Idealistic I may be, but I believe that my case is sound.  We all WANT to do the right thing.  We merely get caught up in our own lives and circumstances, and thus we so oftentimes act contrary to our basic nature.

When a person lives contrary to his/her basic nature of genuine goodness, that is most unfortunate.  When a society functions contrary to the basic nature of genuine goodness, the ramifications are catastrophic and heart wrenching.

I maintain that the most natural experience and the most noble endeavor is that of self cultivation of the genuine goodness of our basic nature on a daily basis. 

Society is but an extension of the self….

The Cosmos and Collective Relationships

The only natural collective relationship is that of interconnection between all beings of the cosmos.The only natural collective identity then is that of the universe.

The only natural collective interests then are those of the universe as a unit.

The cosmos is our example of natural relations and collective interests.
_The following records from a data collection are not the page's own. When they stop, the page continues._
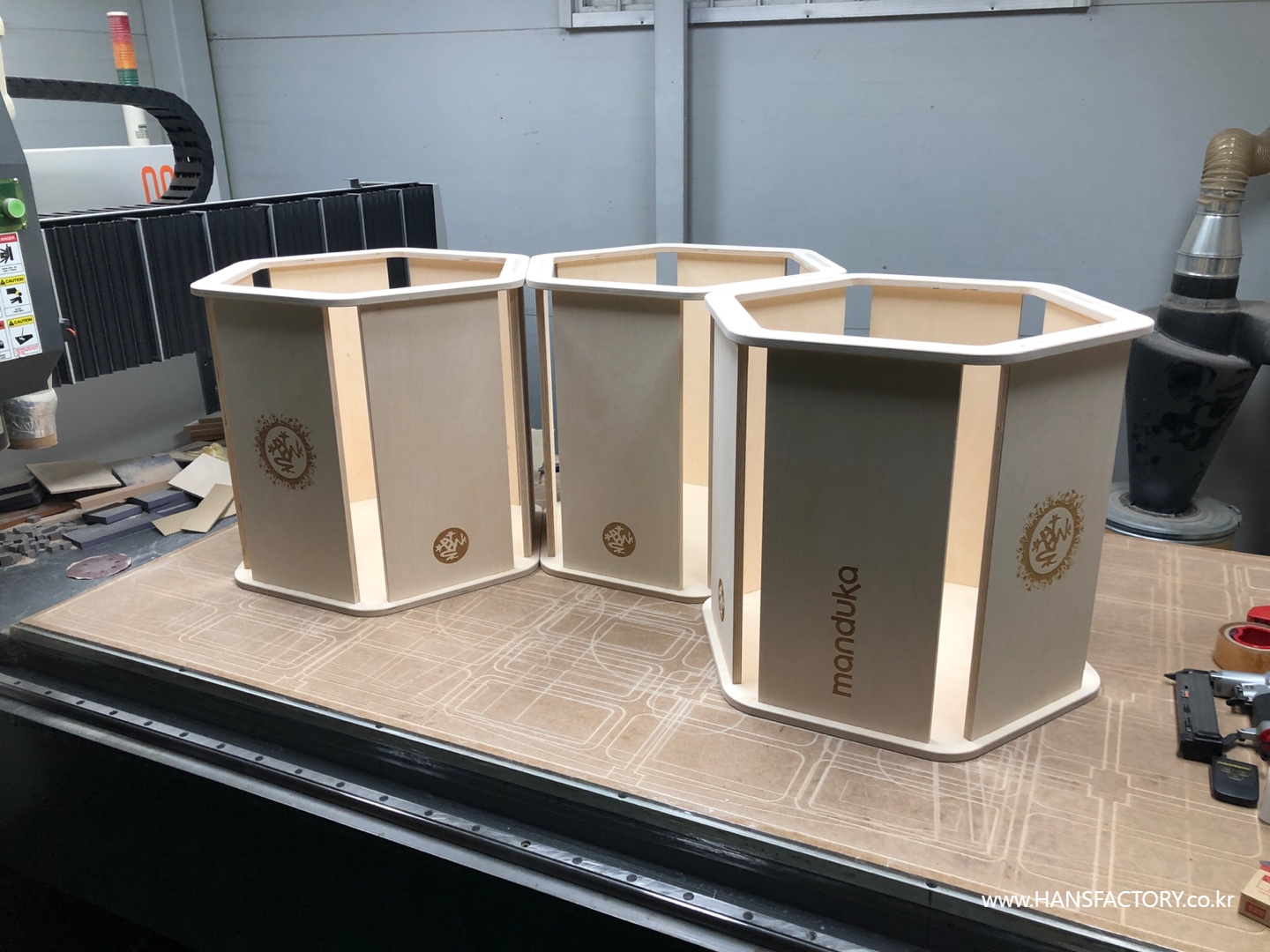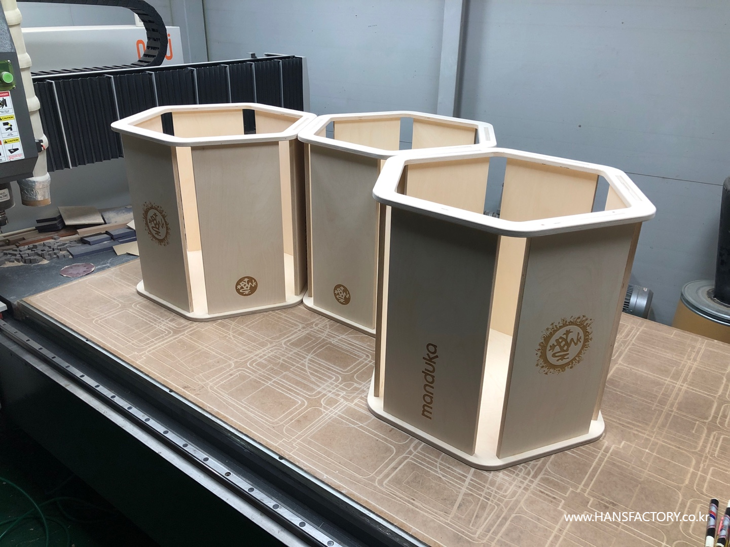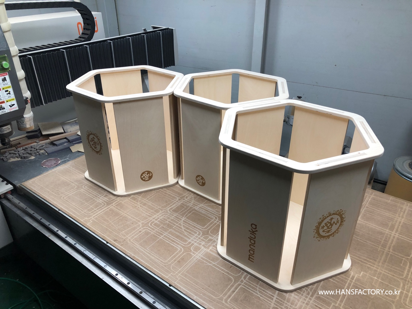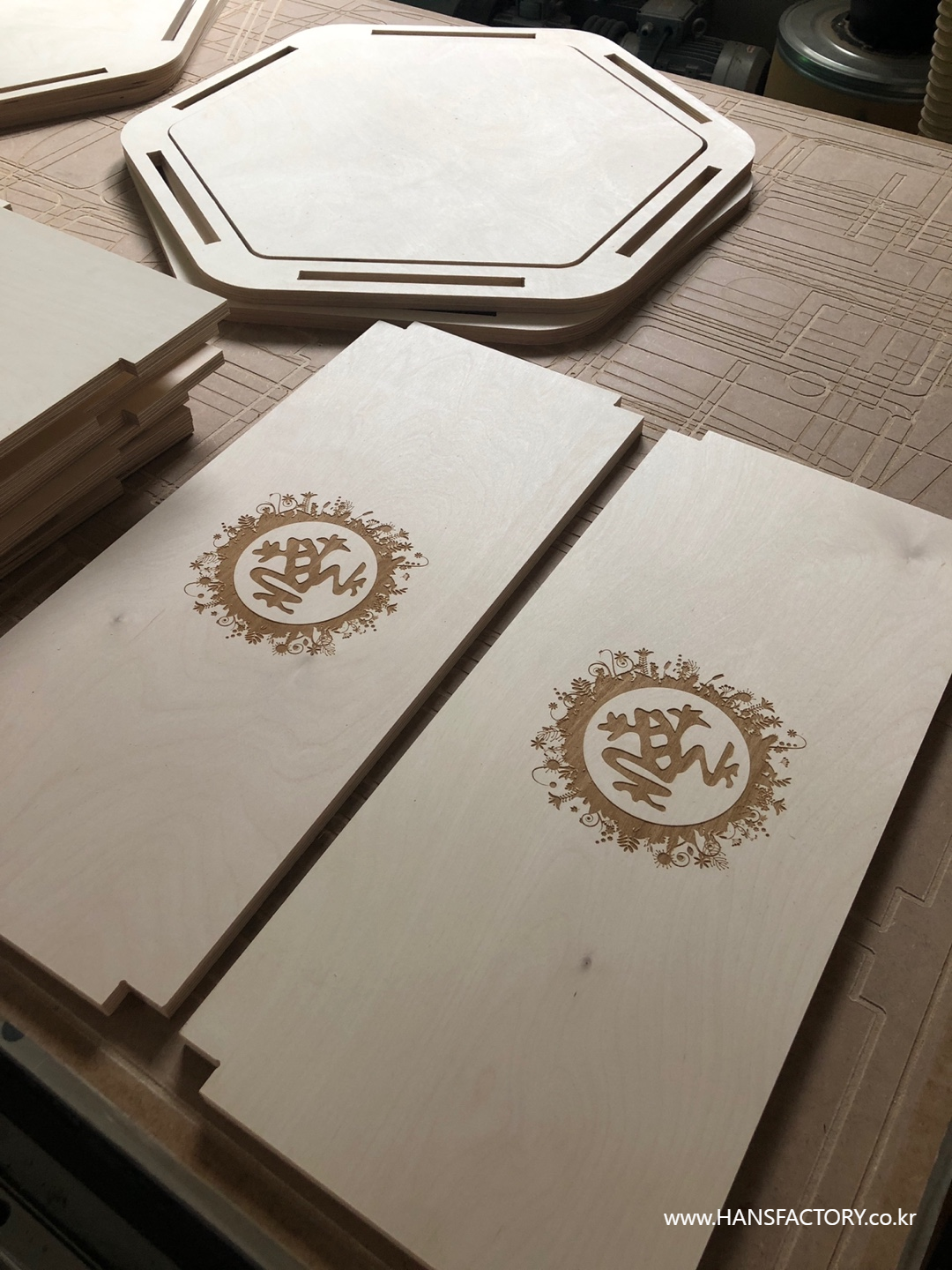 자작나무 판재를 CNC 가공으로 정밀하게 재단+가공해서
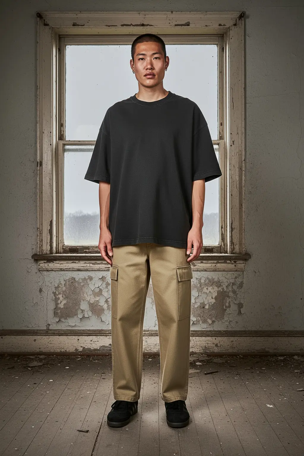 The fit showcases the drape and structure of the T-Shirt cleanly, with Cargo Pants rounding out a complete men Streetwear editorial outfit. Shot in Streetwear editorial style, the high-contrast result works directly on Shopify product pages, Instagram posts, print-on-demand listings, and fashion lookbooks, no editing required.
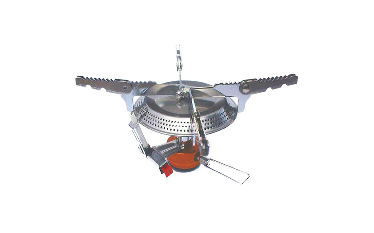 Складные упоры-держатели используются в двух положениях: раскрытом – под большие котлы или сковородку, и закрытом – для небольших котелков и кружек.
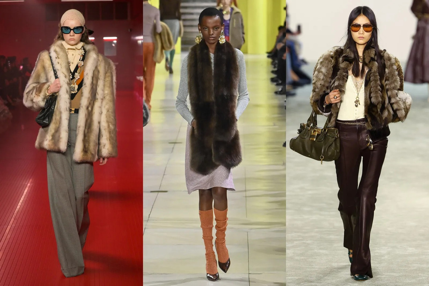 Mặc dù lông thú giả xuất hiện rất nhiều và ở mọi item, nhưng những món được yêu thích nhất là áo khoác, khăn choàng và phụ kiện charm bag, khi phối hợp phải gợi lên phong cách bohemian thập niên 70.
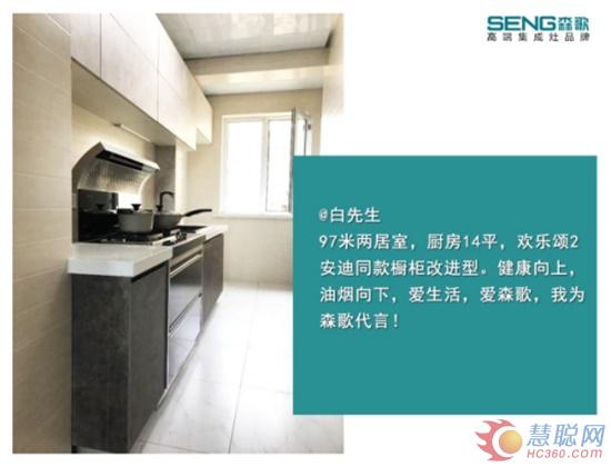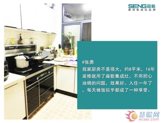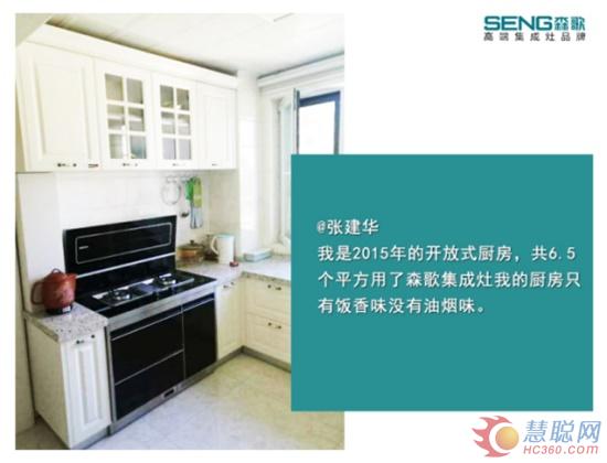 \u00A0\u00A0\u00A0\u00A0顧葉青:“一家三口的小屋87平,廚房是整個(gè)屋子里最滿(mǎn)意的,面積15個(gè)平方左右,設(shè)計(jì)的開(kāi)放式廚房肯定怕油煙。對(duì)比過(guò)后選擇了森歌集成灶,鄰居當(dāng)初來(lái)看我們裝修時(shí),說(shuō)我們年輕人不懂,說(shuō)什么一定要選掛式的油煙機(jī)。看過(guò)集成灶使用后的效果很驚訝,并沒(méi)有所謂的跑油煙。就連婆婆也糾正小姐妹們的偏見(jiàn),集成灶的好處只能說(shuō)誰(shuí)用誰(shuí)知道。”
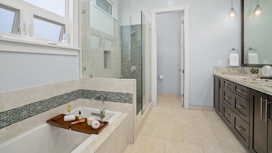 • Primary Bedroom Suite – AC, lower level, king bed, flat screen TV, walk-in closet, full bath, tub and walk-in shower
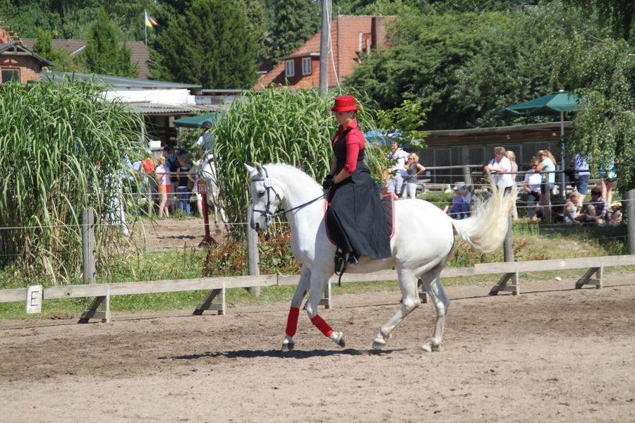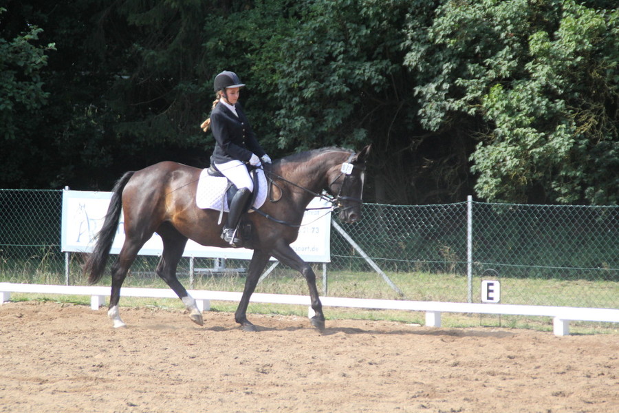 Bahia war ich der E Dressur leicht spannig, so dass Sabrina teilweise Probleme hatte sie punktgenau zu reiten. Trotzdem reichte es für eine 6,4 und erste Reserve.
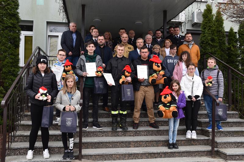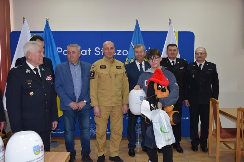 Na zakończenie odczytano nazwiska laureatów tegorocznej edycji konkursu na szczeblu powiatowym w poszczególnych grupach wiekowych. Nagrody wręczyli i podziękowali uczestnikom za udział z-ca Komendanta Wojewódzkiego a zarazem prezes ZPO OSP RP w Staszowie st. bryg Grzegorz Rajca, z-ca Komendanta Powiatowego PSP w Staszowie mł. bryg. Jarosław Juszczyk, starosta staszowski pan Józef Żółciak oraz sponsorzy nagród.
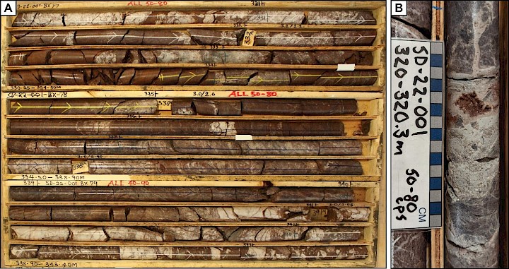 Figure 2. A) Metre-scale hydrothermal quartz-hematite breccias intersected in SD-22-001 basement rocks indicating repeated deformation and strong fluid flow in the Haven area. B) Hydraulic breccia containing white clay, dravite(?), and hematized druzy quartz in SD-22-001; 50-80 cps.
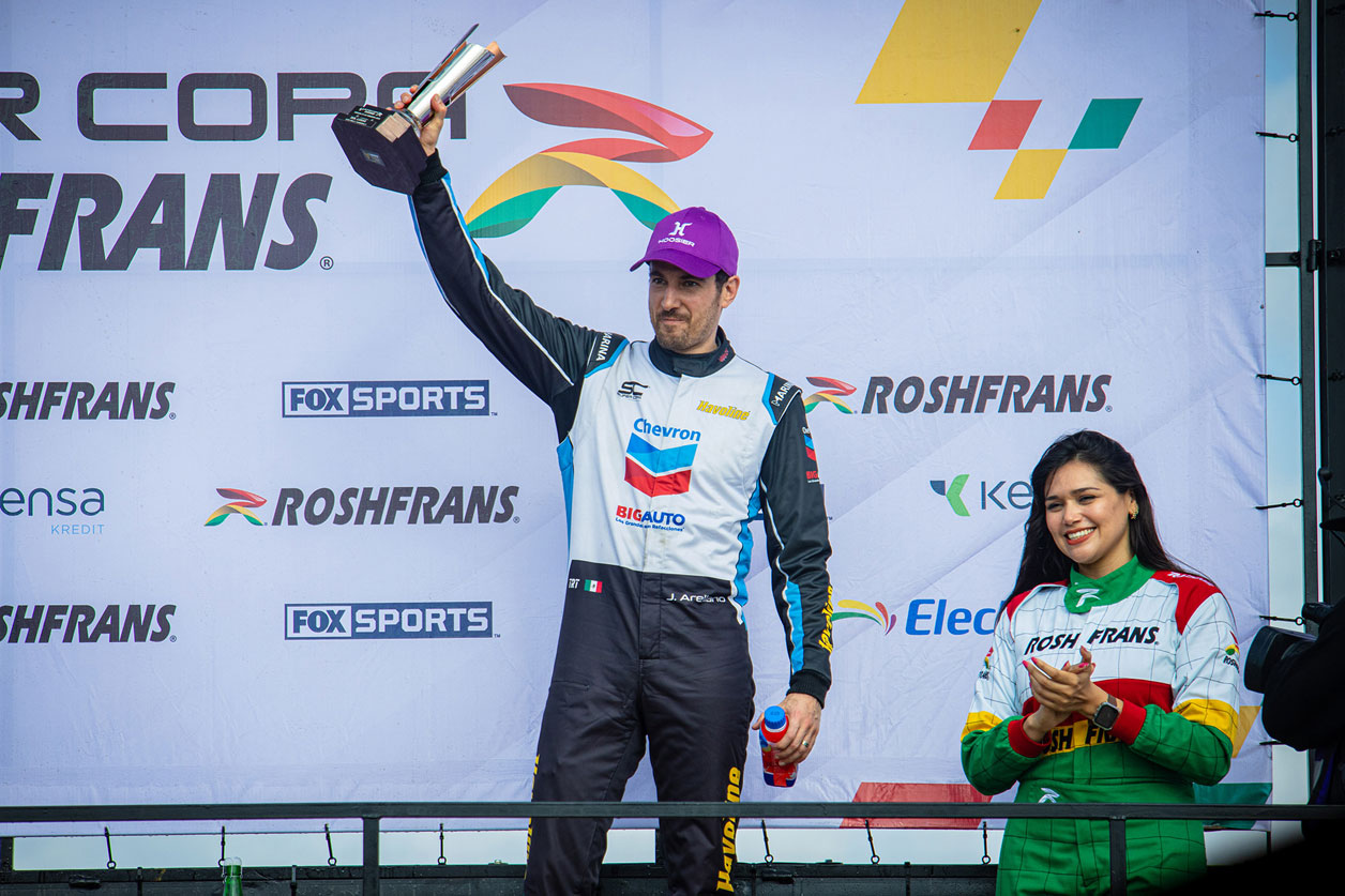 El momento llegó ante un caluroso clima que incluso tuvo un poco de lluvia. La primera bandera verde se dio a temprana hora, en una carrera realmente complicada para el del Chevron Racing, que ya se encontraba en puestos de podio cuando un contacto lo relegó. Sin embargo, volvió para pelear y tomar el tercer sitio en los últimos momentos de la competencia, firmando el podio a su favor.

The interests of the universe are those of harmony and balance. These interests are met solely due to the fact that things of the cosmos function according to their basic nature.

Were the bodies of the cosmos to confederate and conspire for the purposes of conquest and commercial interests, then the bodies of the cosmos would be functioning contrary to their basic nature. Furthermore, the harmony and balance of the cosmos would give way to chaos and continuous “star wars”.

When humanity thinks of identity and interests in terms of natural relations; as opposed to thinking of such in terms of national relations, perhaps then harmony and balance will be the way of humanity; as it truly is the way of the cosmos.

Indeed, the cosmos is our example of natural relations and collective interests.